Model Design of User Interfaces for Multilingual Digital Libraries
The objective of this study is to design a model of a user-friendly interface that exploits a multilingual digital library collection to its full potential. On the basis of this model an overview of French and English information retrieval systems from some digital libraries is presented. The evaluation of the libraries analyzed relies on certain usability criteria. This study shows the importance of both multilingualism and other features in designing an interface that fulfills users' needs, the factors that need to be considered before a system is released on the market and the diversity of the international library contents on the Internet.
Keywords: digital library, user interface, digital content, multilingual information retrieval, system evaluation.
Digital technologies form the backbone of constructing tools that respond to the increasing demand for information retrieval all over the virtual world created by the Internet.
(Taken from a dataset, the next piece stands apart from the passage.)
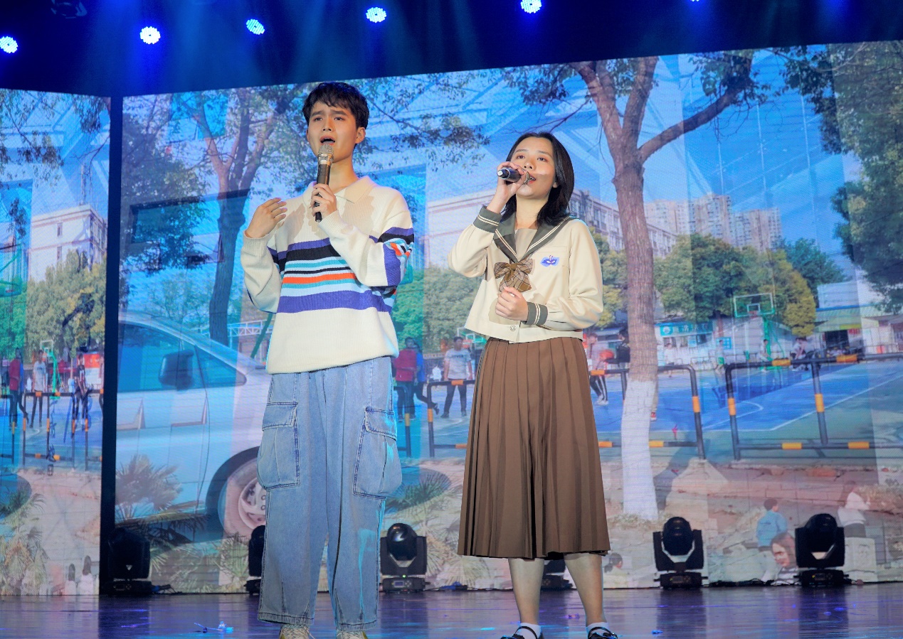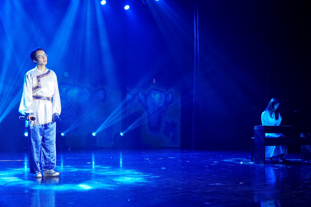 在晚會第二篇章,一曲《華夏》點燃了現(xiàn)場氣氛,表演者用說唱的形式歌頌了勞動人民用汗水創(chuàng)造奇跡的五千年華夏文明;學(xué)生會帶來的小品《上學(xué)那些事》令人捧腹;歌舞串燒《貝加爾湖畔》《心上人》將漢族、維吾爾族風(fēng)情完美結(jié)合;歌曲串燒《咿呀呀》《我的歌聲里》旋律動人,觀眾們用手中的熒光棒為兩位歌者揮出一片星海。

The information is provided in almost all of its forms such as:
Machine translation systems, search engines, and multilingual information retrieval systems of different kinds, and eventually international digital libraries, seem to be the most popular sources of information that enable the users to surmount language boundaries.
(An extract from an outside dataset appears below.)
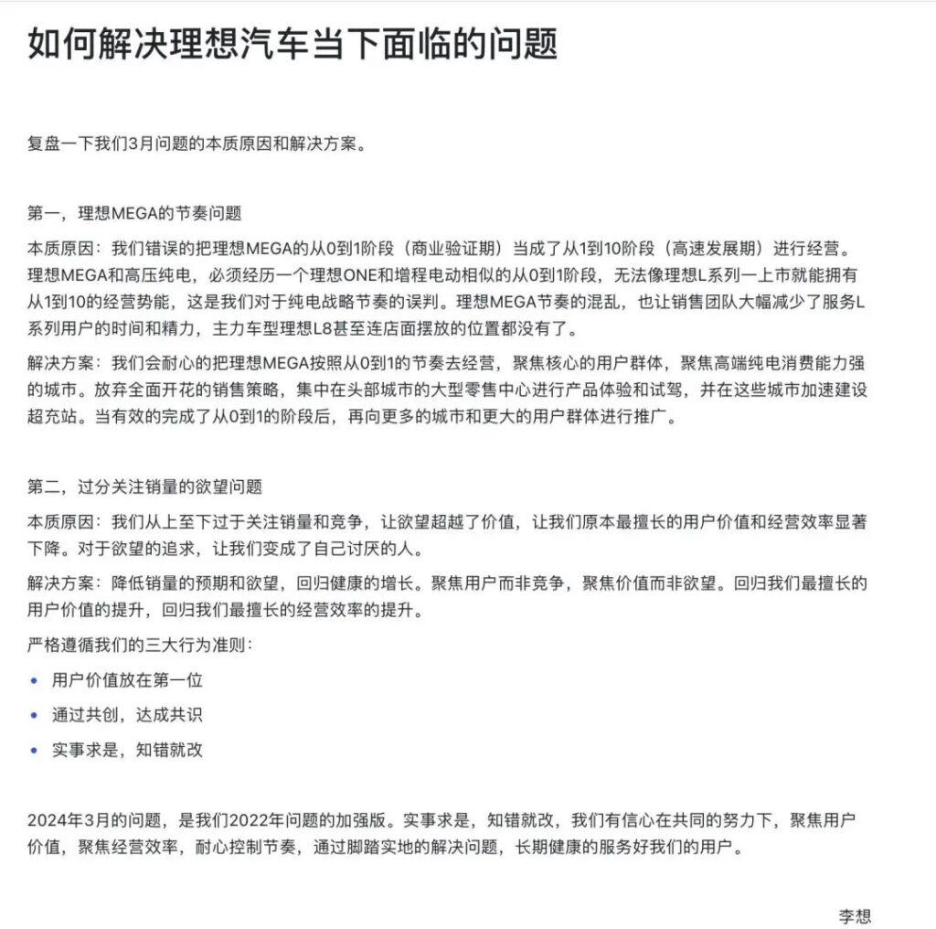 On March 21, Li Xiang, the CEO of LI AUTO, issued a letter to all employees internally, reflecting on the pace and sales of Ideal MEGA, and making targeted adjustments to product management, dealers, charging network layout, and sales expectations.

Designing an interface for a particular group of users is a complex process that is oriented towards demonstration of the system's potential capabilities . Careful consideration of both system and user characteristics is the key to success for effective design.
The International Standard ISO/IEC  defines the factors that should be considered while designing a digital library system. For the purposes of this study, some of these factors have been selected, including system operability, readability, suitability, and efficiency.
Operability indicates the ease with which the system can be used. In other words, it is the extent to which the system is able to achieve its goal, or can be called user-friendly. Readability refers to the clarity of the digital content, whereas suitability is defined as the system's capacity to meet end-user needs by providing the information searched, especially the one that exists in a language other than the query language. Efficiency relates to the amount of information retrieved under certain stated conditions, for instance, retrieved within a set period of time.
The diversity of users of digital services is represented in Figure 1 based on survey results that show the areas of user interests . The Educational Resources Information Center (ERIC) is the world's largest educational digital database.
This figure indicates that the user population can be grouped into practitioners, teachers, students, researchers, counselors, policymakers, parents and administrators. According to this survey, the materials searched are mainly research reports, project descriptions, position papers, evaluative reports, literature, teaching guides, books and conference papers.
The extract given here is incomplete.